Colleen ‘Cosmo’ Murphy explores the city of Edinburgh. Having already delved into Sheffield through the eyes of Human League’s Travelogue album, Liverpool and The Teardrop Explodes’ Kilimanjaro, and Manchester with New Order’s Power, Corruption and Lies, we’re now heading further north to the capital city of Scotland; a city of science and engineering, home of one of the biggest events in the cultural calendar, and a city with an incredibly varied history stretching back thousands of years…Edinburgh. We’re looking at an album that links the old with the new, the traditional with the electronic, and it’s Martyn Bennett’s Bothy Culture.

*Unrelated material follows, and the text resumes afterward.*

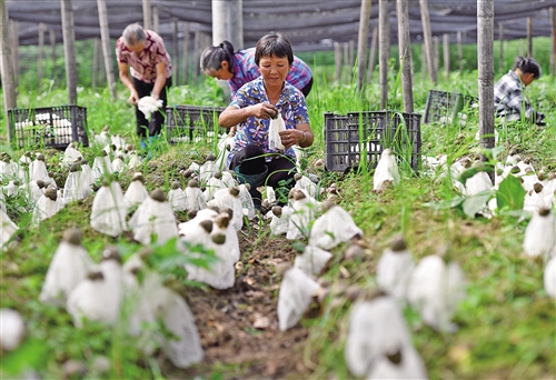 今年以來(lái),江西省宜春市袁州區(qū)采取“產(chǎn)業(yè)項(xiàng)目+基地+貧困戶”的模式,篩選發(fā)展?jié)摿ψ?、帶?dòng)能力強(qiáng)的農(nóng)業(yè)產(chǎn)業(yè)項(xiàng)目幫助貧困戶脫貧增收。截至目前,該區(qū)共安排產(chǎn)業(yè)扶貧資金3045萬(wàn)元,惠及產(chǎn)業(yè)項(xiàng)目184個(gè),帶動(dòng)20個(gè)鄉(xiāng)鎮(zhèn)256個(gè)村1萬(wàn)多戶貧困戶戶均年增收1100元以上。圖為袁州區(qū)金瑞鎮(zhèn)吼里布村食用菌種植基地,村民在采摘竹蓀。 周 亮攝(中經(jīng)視覺(jué))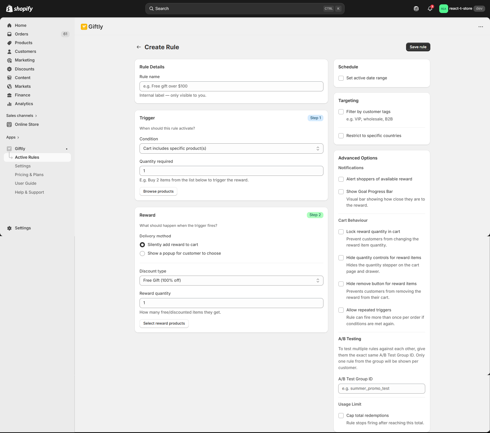 It helps you automatically add free gifts, rewards, discounts, or popup offers when customers meet specific cart conditions.

Released in 1997, Martyn’s second album takes Celtic folk, Gaelic, and traditional rhythms and poems, and blended them with the ambient electronica of the day, elements of the rave scene, and drum and bass. Bringing the traditional to an entirely new audience and generation, his can-do attitude meant he had no boundaries with which to compose and record. He unfortunately passed away in 2005 due to cancer, and never quite became the influential artist of scenes he deserved to be. In this documentary, we ask why Martyn is so essential to the fabric of the city, we take a look at why the Edinburgh music scene is so small and insular, and how his indirect influence led to the growth of bands such as Young Fathers, Boards of Canada, Treacherous Orchestra, and even Moby. We talk to the likes of Radio 3’s Mary Ann Kennedy on his talents and legacy, members of Shooglenifty who worked with Martyn, friend and composer Greg Lawson, and font-of-knowledge and Celtic Connections artistic director Donald Shaw. Produced by Ashley Clivery.